- [Your instructions]: For the data below, give again exactly the lines from the one containing "Looks Good: Choosing" through the one containing "Once plagued by", both ends included, and no others.

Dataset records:

----

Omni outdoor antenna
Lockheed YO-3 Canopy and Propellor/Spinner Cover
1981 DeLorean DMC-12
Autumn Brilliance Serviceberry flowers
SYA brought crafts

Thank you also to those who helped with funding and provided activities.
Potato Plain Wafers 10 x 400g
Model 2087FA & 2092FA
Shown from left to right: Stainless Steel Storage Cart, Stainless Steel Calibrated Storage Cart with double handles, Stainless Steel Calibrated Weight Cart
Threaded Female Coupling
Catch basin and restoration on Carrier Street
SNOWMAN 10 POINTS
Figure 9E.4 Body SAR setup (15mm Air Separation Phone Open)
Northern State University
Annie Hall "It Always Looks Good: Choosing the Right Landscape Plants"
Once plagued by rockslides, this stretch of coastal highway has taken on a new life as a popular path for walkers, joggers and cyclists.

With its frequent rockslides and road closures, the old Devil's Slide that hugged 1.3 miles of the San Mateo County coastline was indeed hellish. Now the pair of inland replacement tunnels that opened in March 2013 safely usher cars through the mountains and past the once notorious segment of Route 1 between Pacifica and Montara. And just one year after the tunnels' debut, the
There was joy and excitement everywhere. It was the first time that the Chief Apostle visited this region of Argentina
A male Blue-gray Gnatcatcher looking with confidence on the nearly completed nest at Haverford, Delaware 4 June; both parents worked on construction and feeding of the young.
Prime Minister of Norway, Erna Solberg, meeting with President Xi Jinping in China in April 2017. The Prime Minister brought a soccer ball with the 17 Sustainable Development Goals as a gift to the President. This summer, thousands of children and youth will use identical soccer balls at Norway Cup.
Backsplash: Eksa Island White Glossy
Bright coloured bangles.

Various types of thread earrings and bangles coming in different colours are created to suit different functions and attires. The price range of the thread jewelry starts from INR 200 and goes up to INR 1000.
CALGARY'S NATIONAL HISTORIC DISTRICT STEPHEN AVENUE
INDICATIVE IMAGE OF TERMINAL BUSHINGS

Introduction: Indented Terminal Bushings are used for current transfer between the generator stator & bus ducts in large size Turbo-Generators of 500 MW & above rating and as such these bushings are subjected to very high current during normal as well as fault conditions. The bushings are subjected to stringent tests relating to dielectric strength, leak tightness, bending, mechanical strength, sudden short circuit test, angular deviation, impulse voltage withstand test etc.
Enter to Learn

----

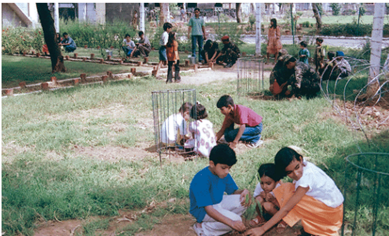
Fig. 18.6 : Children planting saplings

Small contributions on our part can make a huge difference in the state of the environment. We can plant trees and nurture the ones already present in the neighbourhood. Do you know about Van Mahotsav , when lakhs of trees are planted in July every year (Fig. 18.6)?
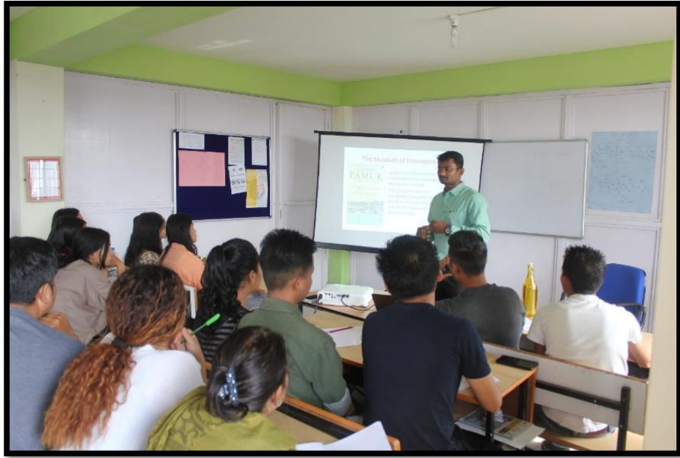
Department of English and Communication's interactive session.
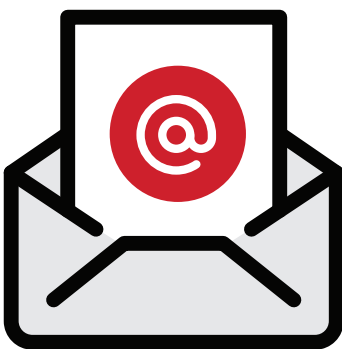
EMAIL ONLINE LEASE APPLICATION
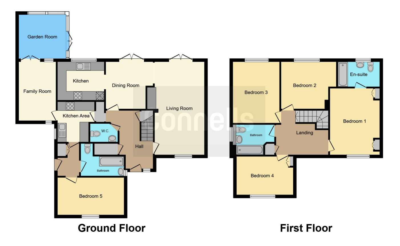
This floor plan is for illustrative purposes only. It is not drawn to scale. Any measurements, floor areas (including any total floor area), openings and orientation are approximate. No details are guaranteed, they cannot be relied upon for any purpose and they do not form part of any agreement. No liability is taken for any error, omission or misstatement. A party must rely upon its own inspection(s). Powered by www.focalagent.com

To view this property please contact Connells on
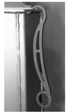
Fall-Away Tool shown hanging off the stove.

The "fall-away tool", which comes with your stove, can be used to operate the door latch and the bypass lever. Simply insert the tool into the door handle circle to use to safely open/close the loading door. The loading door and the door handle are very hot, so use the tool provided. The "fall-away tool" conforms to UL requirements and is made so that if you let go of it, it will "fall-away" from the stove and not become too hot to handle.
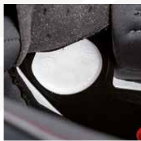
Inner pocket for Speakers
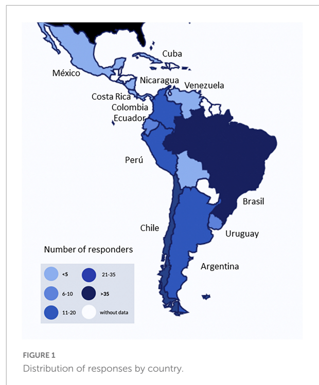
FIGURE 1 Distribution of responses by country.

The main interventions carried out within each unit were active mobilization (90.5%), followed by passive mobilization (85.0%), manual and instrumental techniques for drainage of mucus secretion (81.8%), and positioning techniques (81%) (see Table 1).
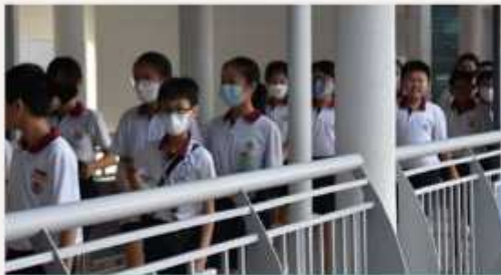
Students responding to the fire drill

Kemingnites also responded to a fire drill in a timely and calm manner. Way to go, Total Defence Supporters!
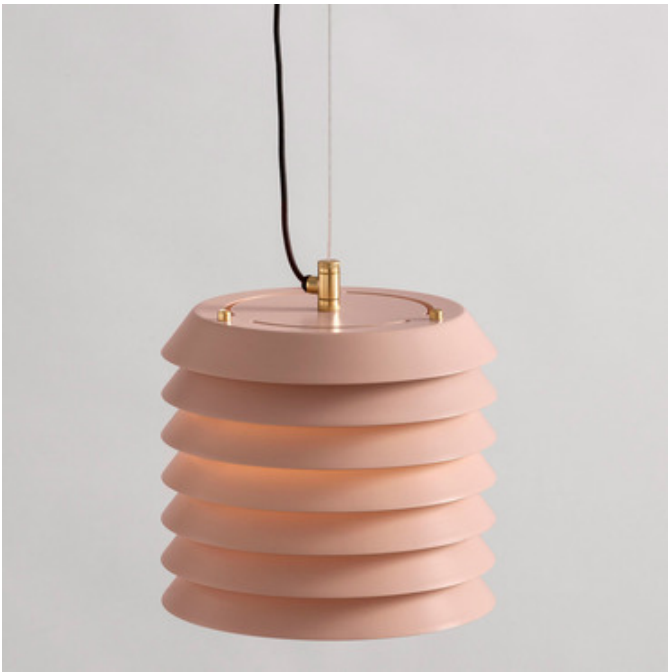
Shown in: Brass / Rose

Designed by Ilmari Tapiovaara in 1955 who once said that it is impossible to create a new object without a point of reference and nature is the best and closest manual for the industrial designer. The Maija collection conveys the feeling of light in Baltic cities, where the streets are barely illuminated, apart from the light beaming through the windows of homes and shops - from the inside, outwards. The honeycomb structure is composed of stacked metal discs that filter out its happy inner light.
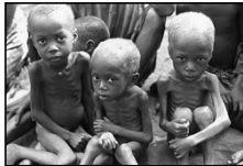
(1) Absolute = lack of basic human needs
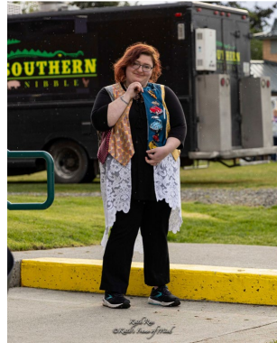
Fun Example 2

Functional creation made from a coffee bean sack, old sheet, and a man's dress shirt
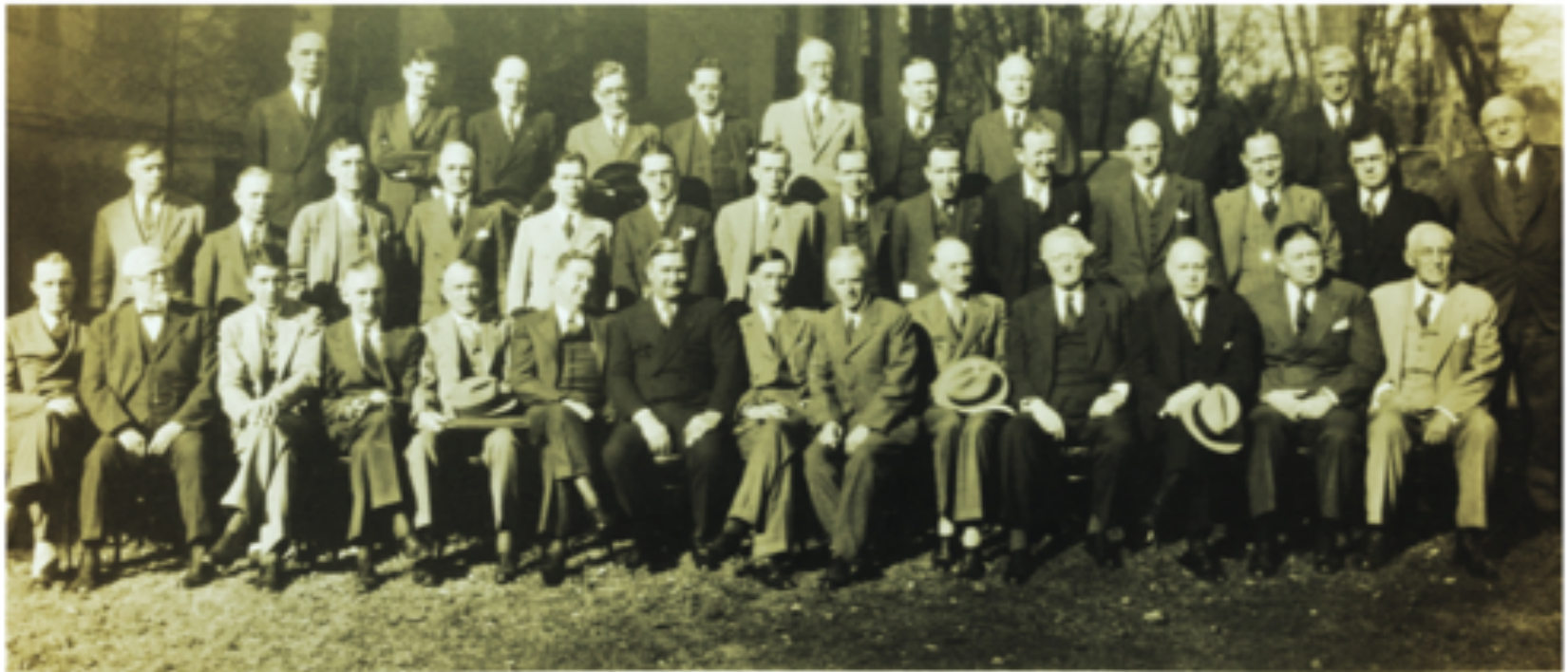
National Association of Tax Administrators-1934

----

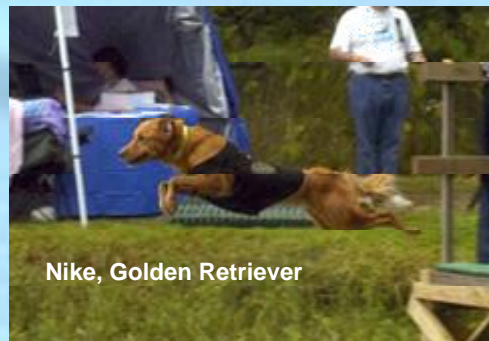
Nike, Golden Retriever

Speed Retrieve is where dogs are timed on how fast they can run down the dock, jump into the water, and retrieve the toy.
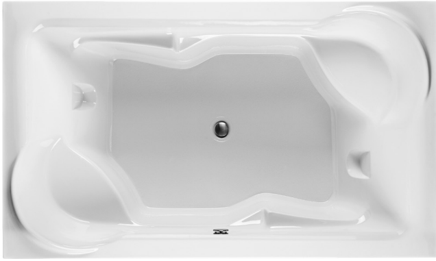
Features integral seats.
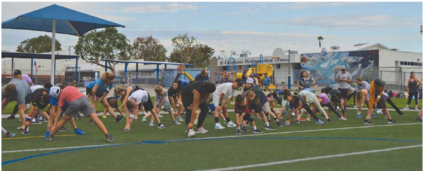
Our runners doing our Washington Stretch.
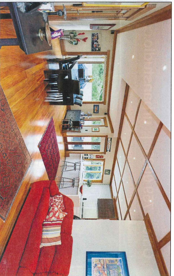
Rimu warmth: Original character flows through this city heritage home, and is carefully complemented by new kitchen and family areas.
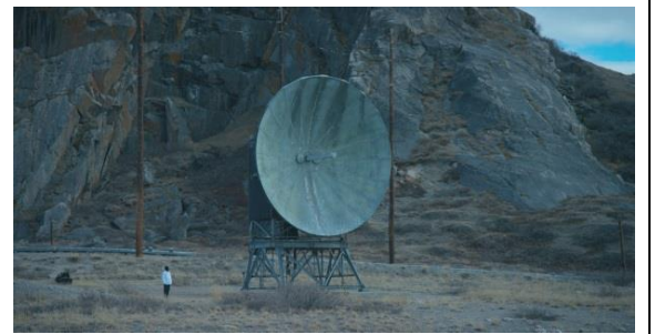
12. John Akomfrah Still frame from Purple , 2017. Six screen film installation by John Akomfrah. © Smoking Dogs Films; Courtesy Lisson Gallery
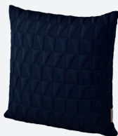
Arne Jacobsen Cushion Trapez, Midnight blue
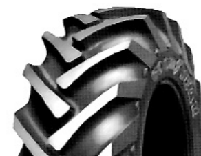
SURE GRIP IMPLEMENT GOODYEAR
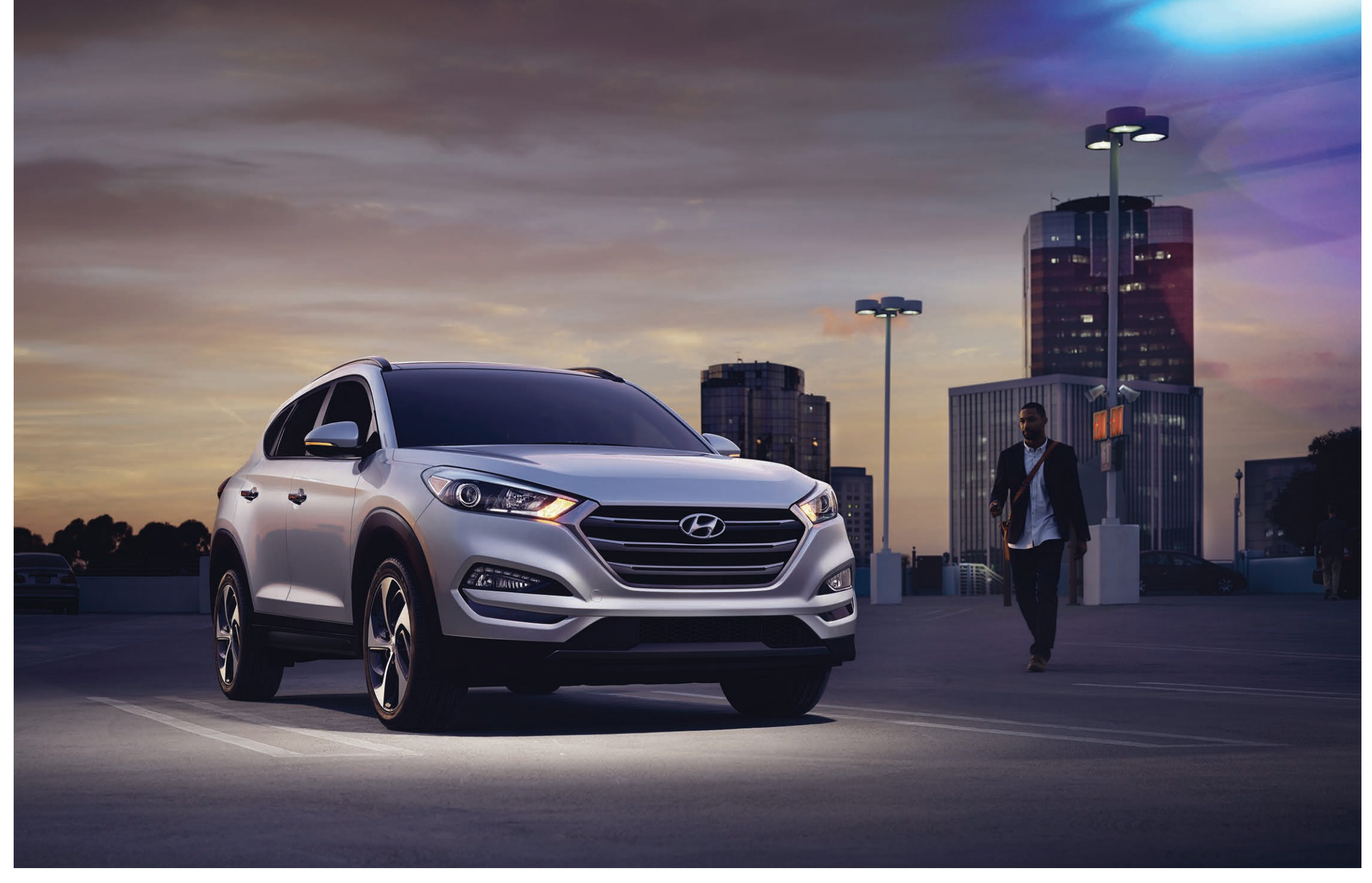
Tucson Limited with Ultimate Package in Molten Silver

----

- [Task answer]:
Annie Hall "It Always Looks Good: Choosing the Right Landscape Plants"
Once plagued by rockslides, this stretch of coastal highway has taken on a new life as a popular path for walkers, joggers and cyclists.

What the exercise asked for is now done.